7, viernes. Mayo. Plaza Olèrdola

Plaza secreta, solitaria. Se llega caminando por el centro de la calzada, dado lo diminuto de las aceras. Solo de vez en cuando suena un motor o se refleja delante un foco luminoso y eso indica que se acerca un coche y hay que apartarse para dejarlo pasar. No se cruza uno con nadie por las calles. Barrio de casas de dos plantas, unifamiliares, con espacio bien cuidado alrededor. Una mujer recoge limones con una vara con gancho. Estilos arquitectónicos raros, es decir, casas sin estilo, pero con reformas más caras que la construcción. En algún solar han aprovechado todo el terreno para elevar un edifico de cuatro plantas que afea. No parece que se esté en Barcelona, sino que ya se ha llegado al pequeño pueblo de valle en zona montañosa donde se quiere pasar el fin de semana.

 La de Olèrdola es una plaza perfectamente redonda, sin constituirse en rotonda. Parece un precedente. Se entra por una única calle y se sale por otra. La circularidad no sirve para nada, es meramente escénica.

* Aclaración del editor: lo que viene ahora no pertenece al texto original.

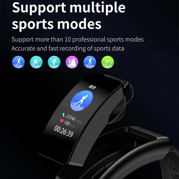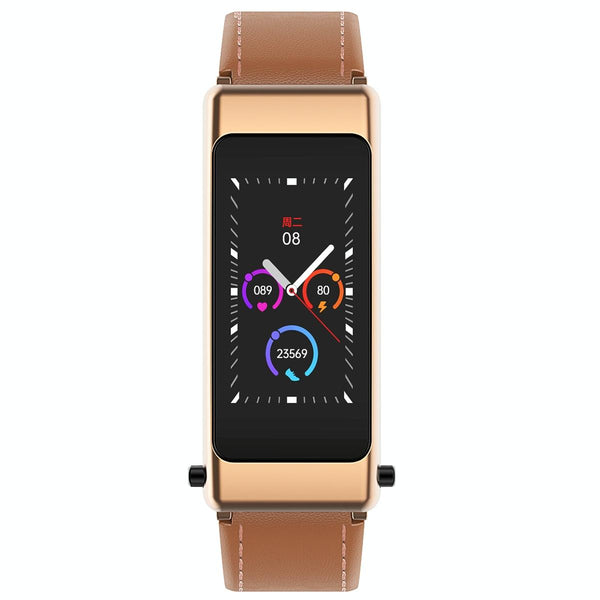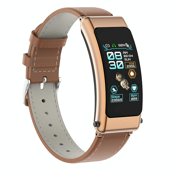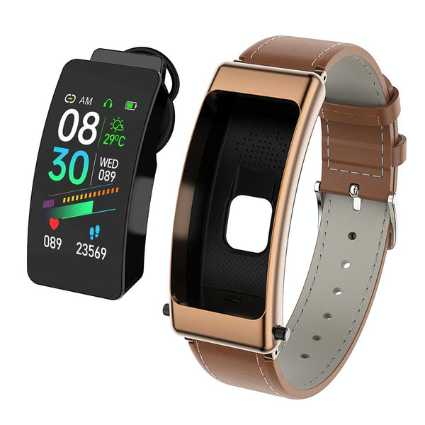 K50 1.08 inch Leather Band Earphone Detachable IP67 Waterproof Smart Watch Support Bluetooth Call(Brown)

Las casas acompañan el trazado alrededor de la plaza con aparcamientos privados, uno al costado de otro: una forma de excluir vehículos estacionados. No conocía la plaza ni nadie me había hablado de ella, pero he tenido la impresión de que, enterada de mi afición a escribirles crónicas a sus semejantes, me esperaba. Y así, un fin de tarde, en un paseo extraviado por los laberintos de Vallcarca, sin ningún propósito, descubro con las últimas luces del día su bosque encantado en miniatura.

         Ocupa un espacio amplio, unos cuarenta metros de diámetro. Alrededor, cuento en el catastro, once propiedades individuales. La mayoría con paredes de ladrillo visto, lo que le da un aire de ensoñación medieval. En las aceras, una cenefa de plátanos urbanos. En el centro, un jardín boscoso: tres grandes pinos de nostalgia mediterránea, un ciruelo expandido de filiación oriental y alrededor varios olmos adolescentes de troncos aún juguetones. Por el terreno una pequeña pradera y en un extremo, la explosión verde jugoso de un cañaveral. Rodeo el bosquecillo impregnado por su soledad y mis pasos crepusculares caminan por las sílabas de un soneto de Octavio Paz, cuyo segundo cuarteto rememoro: «Se yerguen más los fresnos, más despiertos, / y anochecen la plaza silenciosa, / tan a ciegas palpada y tan esposa / como herida de bordes siempre abiertos». No otra cosa significa el bosque recluido dentro de la plaza: la fiel herida que supura en la mirada de quienes recorren la epidermis gris de la ciudad.